In a recent survey conducted by the real-estate listing site, 21% of homeowners said they were considering selling their homes sometime in the next three years. If those owners follow through, that could bring on a fresh wave of housing inventory, which is good news for buyers, who have been stymied by a shortage of available homes over the last few years. 

The survey also found that homeowners who have a mortgage rate below 5% are almost equally as likely to consider selling their home as homeowners with rates above 5%. That’s a promising sign homeowners are appearing less deterred by today’s cost of borrowing, with high mortgage rates discouraging many over the past year from listing their properties for sale. 

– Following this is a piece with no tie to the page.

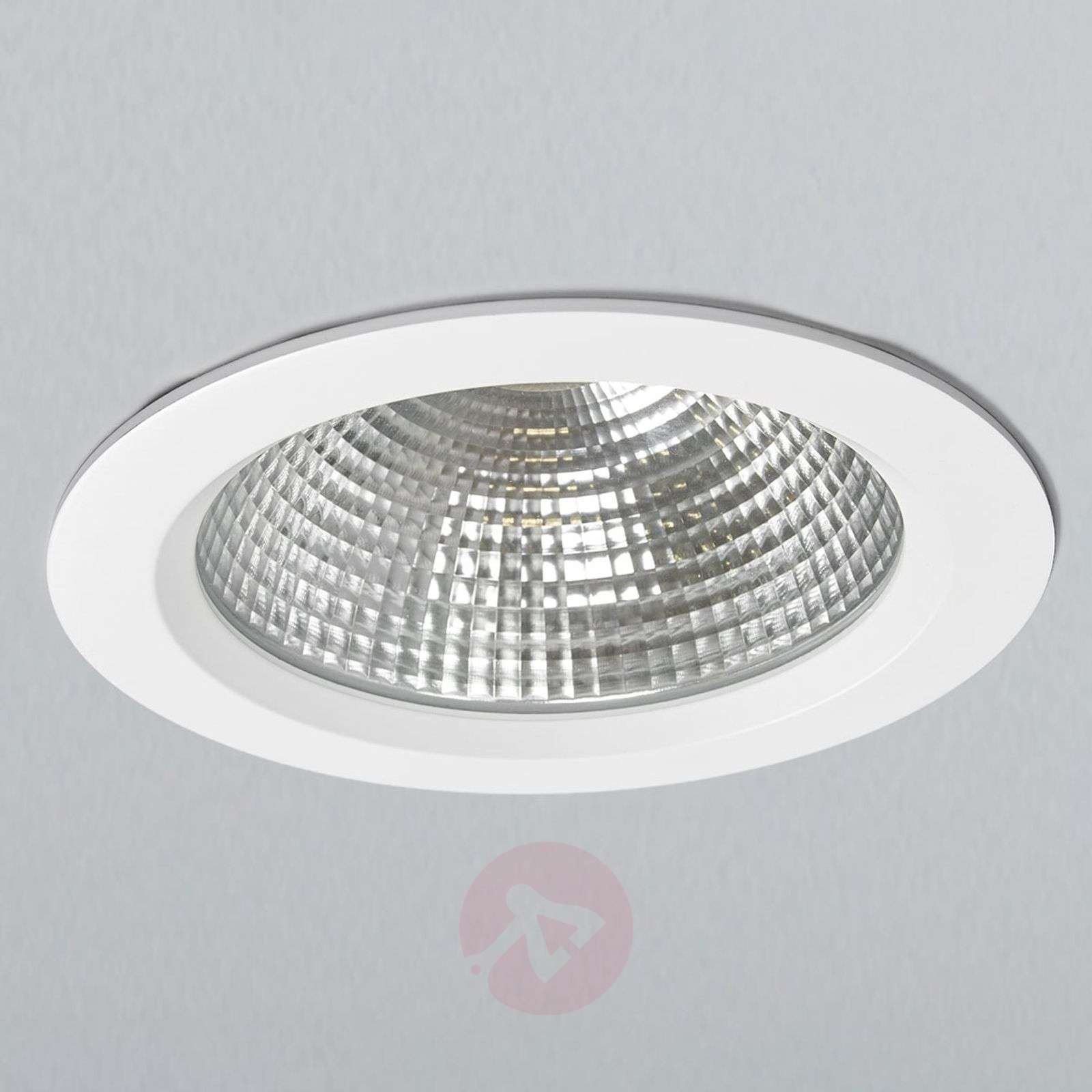 Biały reflektor wpuszczany LED Tadeus z okrągłą ramką, IP65 i możliwością podłączenia bez użycia narzędzi Do prywatnych wnętrz i lokali użytkowych - prosta stylistyka okrągłego, białego reflektora Tadeus czyni z niego uniwersalne narzędzie oświetleniowe. Stopień ochrony IP65 zabezpiecza oprawę wpuszczaną LED przed wnikaniem brudu i wody, co umożliwia jej zastosowanie w pomieszczeniach o podwyższonej wilgotności. Światło LED rozprzestrzenia się pod kątem 60 stopni zapewniając bardziej płaskie oświetlenie pomieszczenia. Bezśrubowy zacisk podłączeniowy umożliwia montaż lampy bez użycia narzędzi. Klasa efektywności energetycznej: A+

“Rate lock appears to be wearing off for some homeowners, who show encouraging signs that they’re ready to come back to the market,” Zillow chief economist Sylar Olsen said in the firm’s December housing market report. “The survey data shows more owners with low rates are warming up to the idea of selling, while those with higher rates probably purchased their house fairly recently. Currently, mortgage rates look to be less of a determining factor when considering a sale.”

Mortgage rates have declined in recent months as the market anticipates the Fed to cut interest rates later this year. The 30-year fixed mortgage rate hovered around 6.66% the last week, according to Freddie Mac data. The rate had hit 8% in October of last year. 

Meanwhile, new home listings rose 2% year-over-year in December, Zillow data shows. The total supply of homes on the market is now just 14% lower than it was before the pandemic — an improvement from April, when supply was 35% lower than the pre-pandemic norm.

Lower rates and higher inventory could improve housing affordability this year, after tight supply pushed home prices to record levels in 2023. Home prices climbed another 5% in October, according to an estimate from CoreLogic. Prices and mortgage rates are expected to continue easing slightly this year, Redfin economists predicted.